QUESTION #4: How did our founders incorporate God’s laws into the Declaration of Independence to begin with?
Answer:
Dave Kistler:
“Let me just preface my comments by saying this, there cannot be a violation of the law, or there cannot be a violation without there being an objective standard by which to judge or determine what a violation is. Of course, the founders believed that which determined what was wrong, what was right, what was a violation, what was not, was the law of God, the word of God, and all of that codified in the 10 Commandments. If you were to read the Declaration of Independence, and I have it right in front of me, the most well-known part is the part that says, “We hold these truths to be self-evident, all men are created equal and endowed by their Creator with certain unalienable Rights,” et cetera, et cetera. And then as you get to the end of that paragraph, it says, and this is a direct quote from the Declaration of Independence, “The history of the present King of Great Britain is a history of repeated,” now I want you to listen to the wording, “injuries and usurpations, all having in direct object the establishment of an absolute Tyranny over these States.” Then they listed 18 things that the King had done.

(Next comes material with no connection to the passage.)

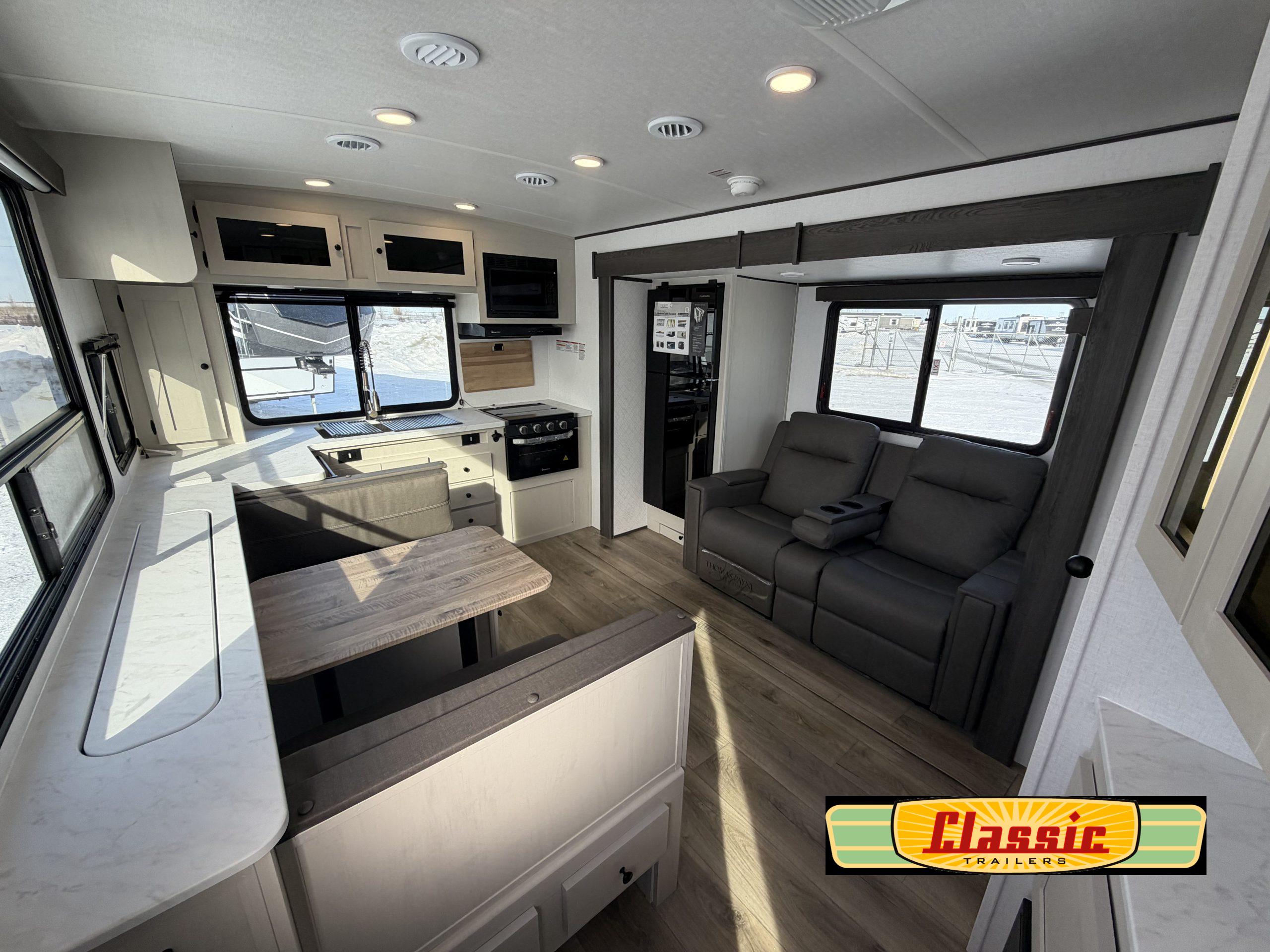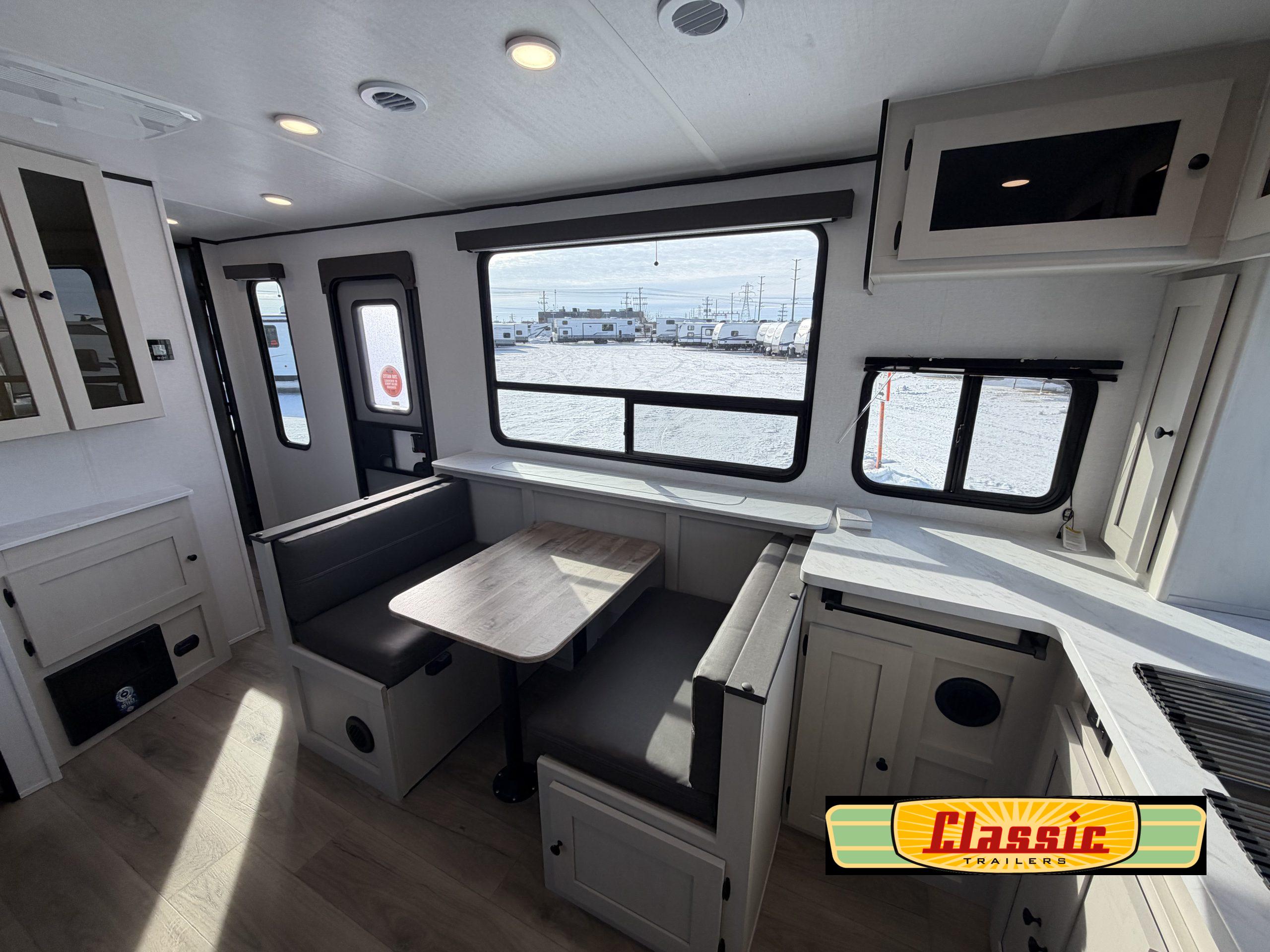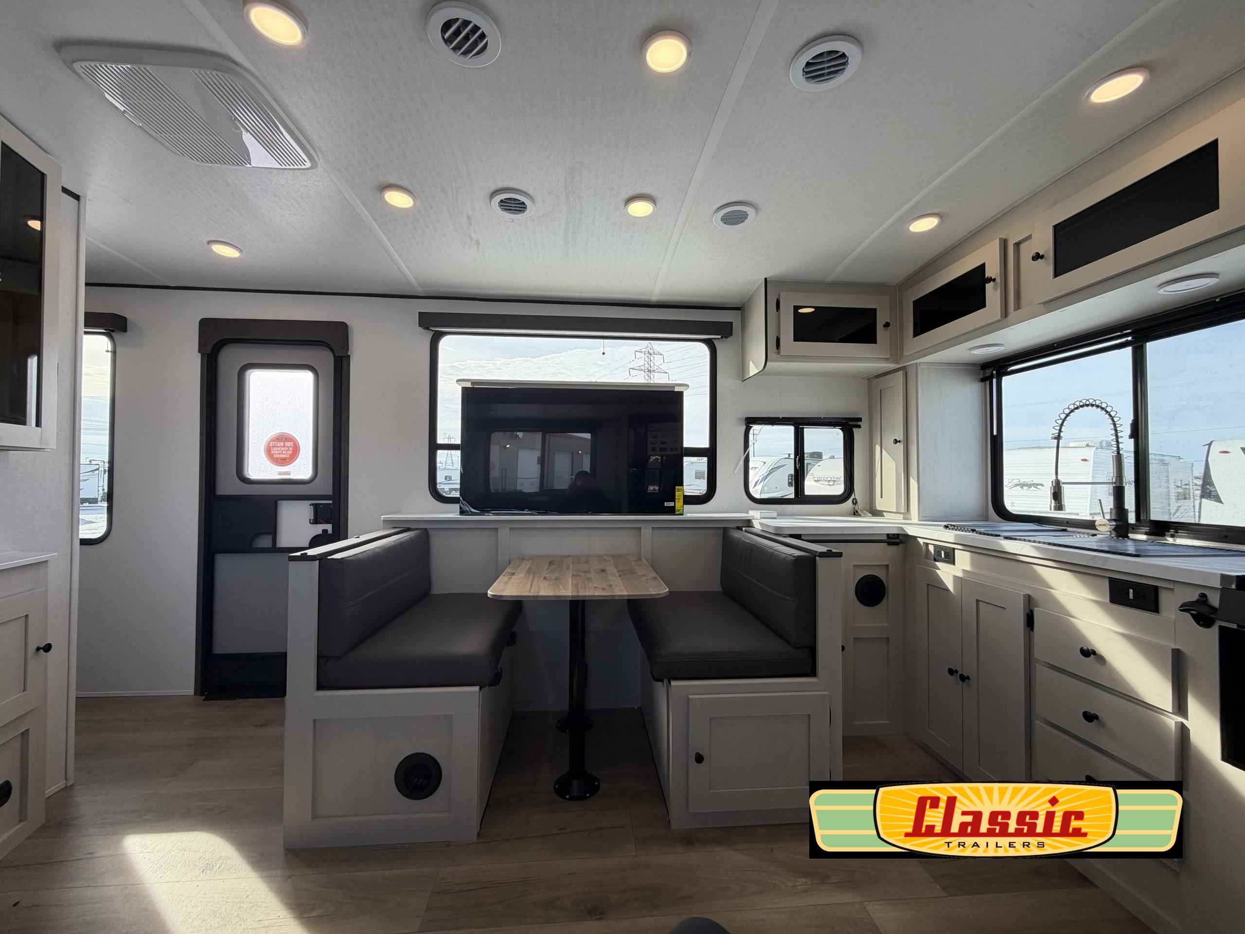Ample living and sleeping space with a 60″ × 80″ queen bed, sleeper-capable furniture, and a booth dinette layout — ideal for comfortable nights and flexible use of the living area.

Every one of those 18 we deemed by the drafters of the Declaration of Independence to be usurpations, injuries, tyrannical actions, by what standard? The standard by which they were judging it was God’s law and the 10 Commandments. If you read through those 18, every one of the 18, in some way, is connected to a violation of the 10 Commandments of God. Either the first four, man’s relationship to God, or the last six of the 10 Commandments, man’s relationship to man. The King had violated one or a variety of those and so the very Declaration brings in this belief of the 10 Commandments, God’s law, God’s word, God’s truth.”